Мне это и тогда не бросилось в глаза, и в семнадцать совсем не бросалось. Я обращал внимание на нечто другое, чем длина спинной части.

Разумеется, фантазия у меня была, как раз на эту тему. Даже госпожа Хайтцендорфф, которая отнюдь не была красавицей, могла меня возбудить, когда мыла дома холл, ползая на коленках и повернувшись ко всему миру задницей. Но для процесса в целом недостаточно было бы и самой лучшей фантазии.

Гостиная, где женщины поджидали нас, представляла собой смесь провинциального полусвета и буржуазного резного дуба. Тяжелая мебель, которая могла бы стоять и в Берлине, но и в Криште тоже. Но вот на картинах, висевших на стенах, одалиски не поворачивались к зрителю спиной, а там, где сатир сталкивался с нимфой, дело не ограничивалось игрой на флейте. Это было, как я потом всегда говорил, как если бы Георг Гросс иллюстрировал анатомический атлас.

Атмосфера носила какой-то отпечаток неряшливости, какая царит на пробах перераспределения ролей. Дамы этого дома уже слишком много раз давали этот спектакль.

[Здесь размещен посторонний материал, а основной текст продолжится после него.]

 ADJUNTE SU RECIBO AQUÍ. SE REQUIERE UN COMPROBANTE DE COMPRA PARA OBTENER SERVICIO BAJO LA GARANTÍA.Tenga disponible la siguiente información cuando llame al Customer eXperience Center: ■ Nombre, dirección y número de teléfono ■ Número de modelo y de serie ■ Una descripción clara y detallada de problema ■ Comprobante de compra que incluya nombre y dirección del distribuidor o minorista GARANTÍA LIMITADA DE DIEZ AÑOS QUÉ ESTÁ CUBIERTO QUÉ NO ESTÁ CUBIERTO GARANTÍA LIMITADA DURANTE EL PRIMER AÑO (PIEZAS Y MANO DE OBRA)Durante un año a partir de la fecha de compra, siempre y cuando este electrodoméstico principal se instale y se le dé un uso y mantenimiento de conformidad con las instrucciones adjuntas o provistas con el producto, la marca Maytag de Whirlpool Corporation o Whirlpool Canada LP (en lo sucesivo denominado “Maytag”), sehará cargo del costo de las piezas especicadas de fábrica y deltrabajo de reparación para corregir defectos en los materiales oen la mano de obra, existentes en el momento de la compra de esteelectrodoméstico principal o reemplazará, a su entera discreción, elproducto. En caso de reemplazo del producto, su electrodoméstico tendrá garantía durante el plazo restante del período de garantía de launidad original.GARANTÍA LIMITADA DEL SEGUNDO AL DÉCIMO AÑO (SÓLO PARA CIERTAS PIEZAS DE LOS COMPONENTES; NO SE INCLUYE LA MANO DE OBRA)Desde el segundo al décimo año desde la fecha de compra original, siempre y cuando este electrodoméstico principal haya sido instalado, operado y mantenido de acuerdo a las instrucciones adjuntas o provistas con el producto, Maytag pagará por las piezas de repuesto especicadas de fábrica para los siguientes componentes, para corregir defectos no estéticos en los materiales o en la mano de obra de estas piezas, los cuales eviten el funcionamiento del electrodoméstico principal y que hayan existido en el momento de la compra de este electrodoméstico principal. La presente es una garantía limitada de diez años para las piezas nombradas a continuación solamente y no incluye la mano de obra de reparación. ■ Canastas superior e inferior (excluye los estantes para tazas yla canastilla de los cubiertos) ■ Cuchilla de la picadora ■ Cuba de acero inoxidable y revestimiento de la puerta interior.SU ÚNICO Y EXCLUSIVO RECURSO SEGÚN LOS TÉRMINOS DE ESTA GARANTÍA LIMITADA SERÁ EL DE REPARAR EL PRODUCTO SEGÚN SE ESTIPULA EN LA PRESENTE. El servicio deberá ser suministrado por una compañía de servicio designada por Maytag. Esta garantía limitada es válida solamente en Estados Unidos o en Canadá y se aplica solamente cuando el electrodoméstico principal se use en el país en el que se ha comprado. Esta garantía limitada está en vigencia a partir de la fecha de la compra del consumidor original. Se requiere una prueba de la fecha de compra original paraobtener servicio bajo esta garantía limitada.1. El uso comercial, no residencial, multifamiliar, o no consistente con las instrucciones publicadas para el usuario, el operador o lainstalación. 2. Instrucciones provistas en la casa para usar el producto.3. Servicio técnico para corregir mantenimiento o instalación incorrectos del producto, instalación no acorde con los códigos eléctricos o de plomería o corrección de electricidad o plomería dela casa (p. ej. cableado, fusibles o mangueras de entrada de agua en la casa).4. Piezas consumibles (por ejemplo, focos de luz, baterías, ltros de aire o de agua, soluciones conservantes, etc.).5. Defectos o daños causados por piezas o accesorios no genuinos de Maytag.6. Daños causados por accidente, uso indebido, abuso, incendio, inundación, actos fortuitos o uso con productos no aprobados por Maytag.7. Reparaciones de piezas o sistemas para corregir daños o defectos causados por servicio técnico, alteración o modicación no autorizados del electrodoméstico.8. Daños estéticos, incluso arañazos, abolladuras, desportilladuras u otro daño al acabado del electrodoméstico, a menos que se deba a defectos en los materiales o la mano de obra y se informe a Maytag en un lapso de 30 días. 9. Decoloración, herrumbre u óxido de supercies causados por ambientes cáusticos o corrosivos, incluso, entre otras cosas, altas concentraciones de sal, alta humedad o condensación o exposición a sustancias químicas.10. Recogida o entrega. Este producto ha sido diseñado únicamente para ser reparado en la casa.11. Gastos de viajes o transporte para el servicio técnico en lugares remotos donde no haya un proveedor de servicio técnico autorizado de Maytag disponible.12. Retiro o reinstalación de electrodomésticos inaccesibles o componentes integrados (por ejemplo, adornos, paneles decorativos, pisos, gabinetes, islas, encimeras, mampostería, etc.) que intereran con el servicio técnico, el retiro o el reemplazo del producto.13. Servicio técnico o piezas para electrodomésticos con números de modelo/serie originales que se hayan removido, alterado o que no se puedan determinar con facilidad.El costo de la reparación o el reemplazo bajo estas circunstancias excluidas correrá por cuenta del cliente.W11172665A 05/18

И уже только намеками маркировали гнусность, предусмотренную в тексте. Мы, новички, старались прежде всего избежать ошибки. Актеры-ученики, которые не хотят опозориться перед профессионалами.

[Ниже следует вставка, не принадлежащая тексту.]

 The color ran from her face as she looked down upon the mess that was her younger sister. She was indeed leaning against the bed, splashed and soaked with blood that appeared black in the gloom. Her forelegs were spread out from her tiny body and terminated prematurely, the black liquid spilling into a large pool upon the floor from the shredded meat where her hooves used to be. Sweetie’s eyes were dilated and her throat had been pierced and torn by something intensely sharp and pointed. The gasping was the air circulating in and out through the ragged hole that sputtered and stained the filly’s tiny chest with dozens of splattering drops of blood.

Теперь и не вспомнить, как была урегулирована коммерческая сторона вопроса. Но до сих пор помню запах сигаретного дыма и тяжелые пачули. И еще слышу песню, которая дребезжала из раструба граммофона. Она называлась „Паулина идет танцевать“. И я до сих пор у меня перед глазами стоит она.

Она.


Не красавица, вот уж нет. По-настоящему красивые женщины не работают в „Petit Paris“ в Ютербоге, где военных обслуживают с интервалом в четверть часа. Я выделил ее из всех, потому что в ней чувствовалась какая-то робость. Как будто ее занесло в эту гостиную по недоразумению и она понятия не имеет, чего от нее ждет эта с шумом ввалившаяся толпа. В ее лице было что-то от мышки. Мелкие, выступающие вперед зубки. Волосы, завитые как-то нерешительно. Будто они собирались стать локонами, но из чистой пугливости на полпути передумали. Серьга у нее была только одна, невозможно большой ком чего-то блестящего, который даже не делал попытки казаться драгоценностью. Мочка другого уха была красной и воспаленной. Должно быть, она проколола уши совсем недавно, и иголка не была продезинфицирована.

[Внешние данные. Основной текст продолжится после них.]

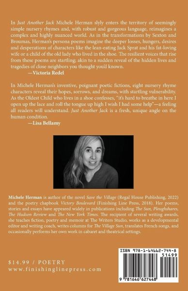 In Just Another Jack: The Private Lives of Nursery Rhymes, poet and novelist Michele Herman explores a variety of timeless human predicaments - adolescent lust, overprotective parents, dementia, gender confusion and more - by imagining her way into the actual lives of eight familiar nursery-rhyme characters. Many authors have taken fictional or mythological characters and brought them into our contemporary world, but these eight story-poems accomplish something more unusual by roaming around in Mr. and Mrs. Sprat's house to find out what ails them, following little Bo Beep out to the Welsh pasture to learn how she lost track of her sheep, conjuring up a twin brother for Little Miss Muffet, and much more.

Нет, красавицей она не была. У нее были влажные глаза, потому что она плакала, или потому, что не переносила табачного дыма, или потому, что мне все это только примерещилось. Она и сама курила, держа сигарету меж двух пальцев, но так неумело, показалось мне, будто она делала это в первый раз.

На ней была черная комбинация. На правом плече к бретельке была пришита красная розетка, по контрасту с которой голая рука и заметно выступающая ключица казались еще бледнее. Узкая полоска кружев, окаймлявшая верх комбинации, в одном месте отпоролась и образовала — я вижу это снятым крупным планом — что-то вроде петли, в которую можно было бы просунуть согнутый указательный палец, чтобы притянуть девушку к себе.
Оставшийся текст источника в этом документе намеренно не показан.